Outpatient speech therapy In Network
Covered; limited to 80 visits per cal yr, in/ out-of-network combined; copay based on location of service rendered; combined with physical, occupational, chiro and post-cochlear implant aural therapy 
Out of Network
60% covered after deductible is met; limited to 80 visits per calendar year, in and out-of-network combined; combined with physical, occupational, chiropractic and post-cochlear implant aural therapy 
 
Outpatient occupational therapy In Network
Covered; limited to 80 visits per cal yr, in/out-of-network combined; copay based on location of service rendered; combined with physical, speech, chiropractic and post-cochlear implant aural therapy 
Out of Network
60% cov after ded is met; ltd to 80 vis per cal yr, in/out-of-network combined; copay based on location of svc rendered; combined with physical, speech, chiro and post-cochlear implant aural therapy 
 
Care at Alternate Sites 
Noncustodial home health care In Network
80% covered after deductible is met; unlimited; preauthorization required 
Out of Network
60% covered after deductible is met; unlimited; preauthorization required 
 
Prescribed care in noncustodial skilled nursing facility In Network
80% covered after deductible is met; limited to 60 days per year, combined in and out-of-network; preauthorization required 
Out of Network
60% covered after deductible is met; limited to 60 days per year, combined in and out-of-network; preauthorization required 
 
Hospice care In Network
80% covered after deductible is met 
Out of Network
60% covered after deductible is met 
 


Nothing for medical or dental. I don’t know how much the company pays. $20 copay for doctors visits, $100 for the ER, $100 per day hospital, $1500 out of pocket max per year.

This, only I pay $40 per month for the whole family. I have a $25/year deductible for prescriptions.

currently $700/month on my ex-employer’s group COBRA, which is about to expire. In light of that,
[partial hijack]
looking thru the various HIPAA plans in my state (California), none have reasonable premiums + low copays + low maximum out-of-pocket.
Would anyone know of national or state organizations, clubs, or associations that offer health insurance? Freelancers.org is 1 example.
Replies much appreciated.
[\partial hijack]

Now that I’m on Medicare (YAY!), I’m just paying about $98/month for my supplemental insurance. Of course I’m still paying a small fortune for prescriptions and copays, especially when I get into that insanity called the “donut hole.” But hey, it’s better than the preceding 15 years without any insurance at all.

Not asking anything personal, but a lot of medications are available in generic form, and many big stores offer prescriptions for $4/ month & $10/3 months.

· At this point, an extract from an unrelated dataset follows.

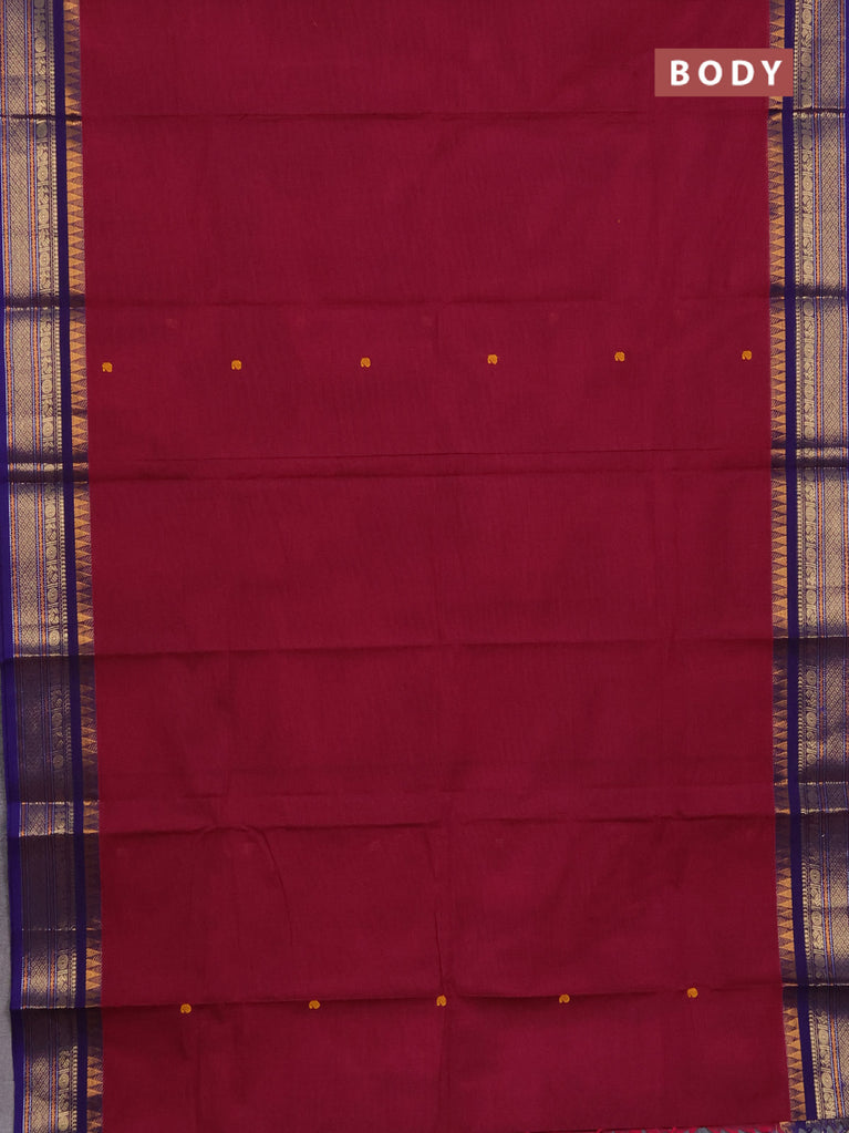 Chettinad cotton saree magenta pink and blue with thread woven buttas and thread woven border

Some of the big ones to look at are Kmart, Target, Costco, Walmart and Walgreens.

About this for us, too. With a 10K deductible. Takes care of preventative stuff and one (or two?) doctor visits a year. Beyond that it doesn’t kick in until one of us gets hit by a train.

Wow! All these US answers just make me want to scream! My husband and I are American expats living in Hungary. He’s got dual citizenship and he’s working for an international company here. His health insurance is paid via payroll taxes and I don’t know how much that is. I am not a citizen so I have to pay into the system. My insurance costs us 5,000 HUF (Hungarian forints) a month, or about $25 (US Dollars). There are no co-pays, no deductibles and no caps. Everything medical is covered, including annual mammograms and other women’s check-up stuff.

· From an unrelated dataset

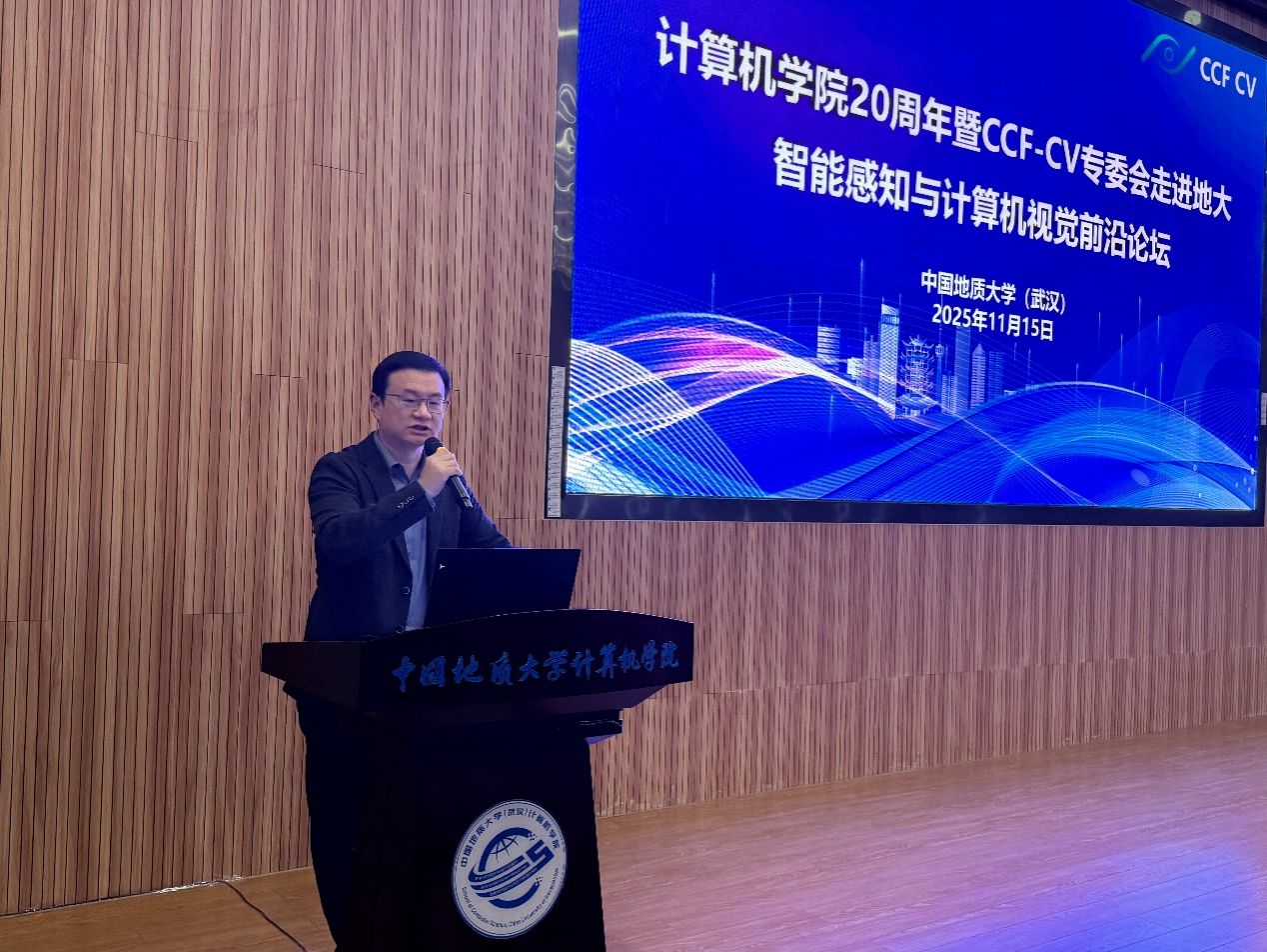 2025年11月15日,欧美色情 迎来建院20周年,由中国计算机学会计算机视觉专委会(CCF-CV)主办、欧美色情 承办的第148期“CCF-CV走进高校”系列报告会——“智能感知与计算机视觉前沿论坛”在中国地质大学(武汉)未来城校区欧美色情 126报告厅成功举办。本次活动作为欧美色情 建院20周年暨计算机学科建设40周年系列学术活动的首场报告会,吸引了来自武汉大学、华中农业大学、华中师范大学、地大等多所兄弟高校的200多名师生踊跃参加,共同见证学院在人工智能与计算机视觉领域的发展成果与学术影响力,标志着院庆系列学术交流活动的正式启幕。欧美色情 院庆系列学术活动由院长张洪艳教授担任总执行主席,智能系刘袁缘教授担任本次报告会的执行主席,蒋良孝教授、黄绍广教授、孙琨副教授等智能系教师担任此次报告会执行委员。

Prescriptions are not covered by insurance, but they’re not expensive either. For my HRT, I pay 6,000 HUF (about $30) for a 3-month supply. I have no dental insurance, but I pay less here for my dental work than I was paying in the US when I had dental insurance.

I tore some knee ligaments in January attempting to learn to ski, and my leg brace cost us about $50 (I googled it; it sells retail for about $400) and I pay nothing for my twice-a-week physical therapy.

I LOVE universal healthcare and do not understand why the US is so resistant to it.